__RECORDS FOR PROCESSING__
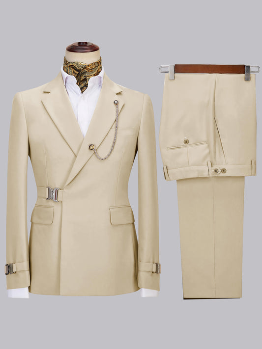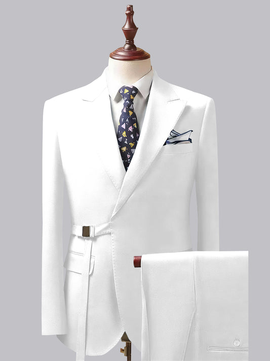 Statement 2 Pieces Men's Suit Tailored Fit Belted Peak Lapel Solid Wrap Style
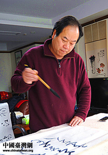 丁申阳在创作书法作品。(上海市台办 常志康 摄)
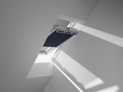 Soluzione Proteggi e Oscura Velux (78×118 cm.) Blu scuro con tenda parasole esterna manuale e tenda oscurante interna a rullo manuale DOP MK06 1100S
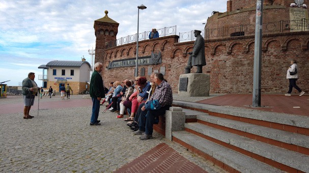We blijven steeds de kustroute volgen en alle plaatsjes waar we komen lijken op elkaar. Appartementen, kamers die verhuurd worden het is net als bij ons aan de Noordzee-kust. We vinden nog een plekje op een niet meer in gebruik zijnd vliegveld ook weer pal aan zee. Er loopt hier een prachtig fiets/wandelpad van meer dan honderd km zo langs de kust. Gefinancierd met Europees geld en echt heel mooi. Er wordt dan ook veel gefietst en gewandeld. Wij gaan ook een stuk fietsen en rijden naar Kolobrzeg. Dit is echt een plaats met alleen maar hoge hotels en resorts. Het is hier nu al file lopen dat moet in het drukke seizoen nog veel erger zijn. Rijen met souvenirs winkels en eettenten.
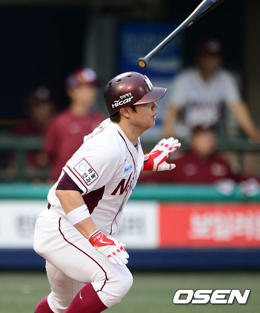 5회말 1사 만루에서넥센 윤석민이 내야안타를 날리고 있다. LG 오지환의 송구 실책까지 겹치며 2타점.
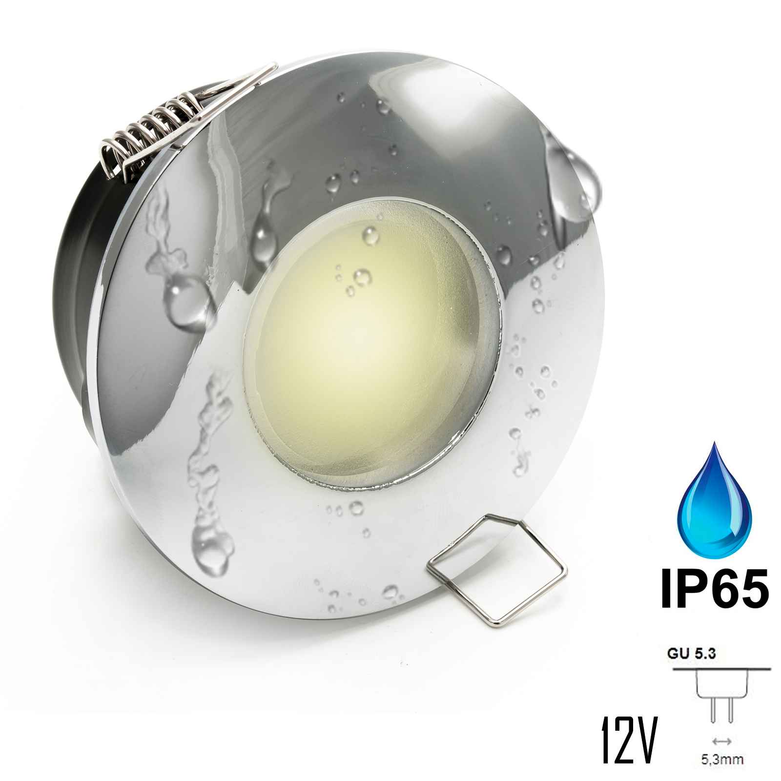 Faretto led 8W 12V GU5.3 bassa tensione a tenuta stagna realizzato in alluminio pressofuso verniciato a polveri epossidiche resistente all'acqua ideale per ambienti umidi. Alimentatore non incluso. Questo faretto è particolarmente indicato per l’illuminazione di box docce - bagno turco - vasca. Completo di controcassa in alluminio ha un grado di protezione IP65 ideale per essere incassato in box doccia bagni turchi e in tutti quei posti dove c'è umidità. Il porta faretto può essere installato nel controsoffitto tramite alette oppure grazie alla controcassa removibile in alluminio è possibile inserirlo in soffitti in muratura. Dimensioni del foro per l'incasso 70 mm - Diametro del faretto 85 mm – Altezza totale 60 mm (compreso di portalampada). Il faretto è disponibile luce calda, fredda o naturale - Alimentazione a 12V (Alimentatore non incluso) – attacco lampada GU5.3 Il kit include: 1 faretto colore a scelta IP65 – 1 lampada led 7w - 1 portalampada con attacco GU5.3
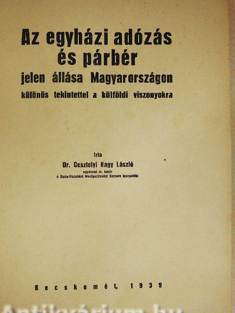 Az egyházi adózás és párbér jelen állása Magyarországon
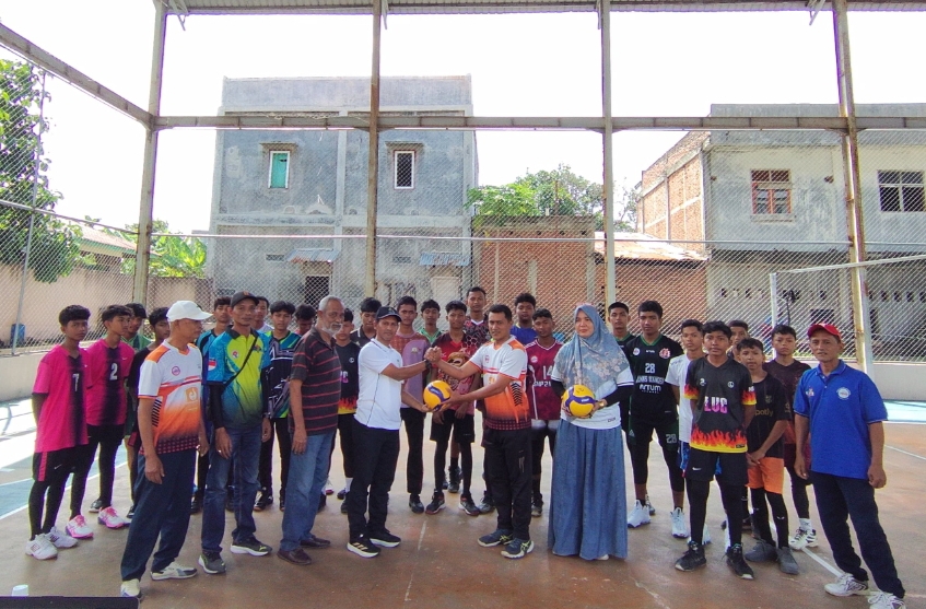 Plt Kadisparpora Aceh Besar Safrizal SSos MSi, menyerahkan bola kepada pihak panitia pada pembukaan Selekda Atlet POPNAS Cabor Voli, di Lapangan Voli JVC Lamsi Daya, Kecamatan Darul Imarah, Kabupaten Aceh Besar, Sabtu (25/4/2026). FOTO: (MC ACEH BESAR).
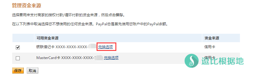 这里会列出你的所有资金来源,点击你的 银行卡/信用卡 卡号后面的 兑换选项 。

__ABOUT THIS EXERCISE__
Every entry is to be transcribed exactly, but the pictures are to be left out.

__ANSWER BELOW__
 Statement 2 Pieces Men's Suit Tailored Fit Belted Peak Lapel Solid Wrap Style
 丁申阳在创作书法作品。(上海市台办 常志康 摄)
 Soluzione Proteggi e Oscura Velux (78×118 cm.) Blu scuro con tenda parasole esterna manuale e tenda oscurante interna a rullo manuale DOP MK06 1100S
We blijven steeds de kustroute volgen en alle plaatsjes waar we komen lijken op elkaar. Appartementen, kamers die verhuurd worden het is net als bij ons aan de Noordzee-kust. We vinden nog een plekje op een niet meer in gebruik zijnd vliegveld ook weer pal aan zee. Er loopt hier een prachtig fiets/wandelpad van meer dan honderd km zo langs de kust. Gefinancierd met Europees geld en echt heel mooi. Er wordt dan ook veel gefietst en gewandeld. Wij gaan ook een stuk fietsen en rijden naar Kolobrzeg. Dit is echt een plaats met alleen maar hoge hotels en resorts. Het is hier nu al file lopen dat moet in het drukke seizoen nog veel erger zijn. Rijen met souvenirs winkels en eettenten.
 5회말 1사 만루에서넥센 윤석민이 내야안타를 날리고 있다. LG 오지환의 송구 실책까지 겹치며 2타점.
 Faretto led 8W 12V GU5.3 bassa tensione a tenuta stagna realizzato in alluminio pressofuso verniciato a polveri epossidiche resistente all'acqua ideale per ambienti umidi. Alimentatore non incluso. Questo faretto è particolarmente indicato per l’illuminazione di box docce - bagno turco - vasca. Completo di controcassa in alluminio ha un grado di protezione IP65 ideale per essere incassato in box doccia bagni turchi e in tutti quei posti dove c'è umidità. Il porta faretto può essere installato nel controsoffitto tramite alette oppure grazie alla controcassa removibile in alluminio è possibile inserirlo in soffitti in muratura. Dimensioni del foro per l'incasso 70 mm - Diametro del faretto 85 mm – Altezza totale 60 mm (compreso di portalampada). Il faretto è disponibile luce calda, fredda o naturale - Alimentazione a 12V (Alimentatore non incluso) – attacco lampada GU5.3 Il kit include: 1 faretto colore a scelta IP65 – 1 lampada led 7w - 1 portalampada con attacco GU5.3
 Az egyházi adózás és párbér jelen állása Magyarországon
 Plt Kadisparpora Aceh Besar Safrizal SSos MSi, menyerahkan bola kepada pihak panitia pada pembukaan Selekda Atlet POPNAS Cabor Voli, di Lapangan Voli JVC Lamsi Daya, Kecamatan Darul Imarah, Kabupaten Aceh Besar, Sabtu (25/4/2026). FOTO: (MC ACEH BESAR).
 这里会列出你的所有资金来源,点击你的 银行卡/信用卡 卡号后面的 兑换选项 。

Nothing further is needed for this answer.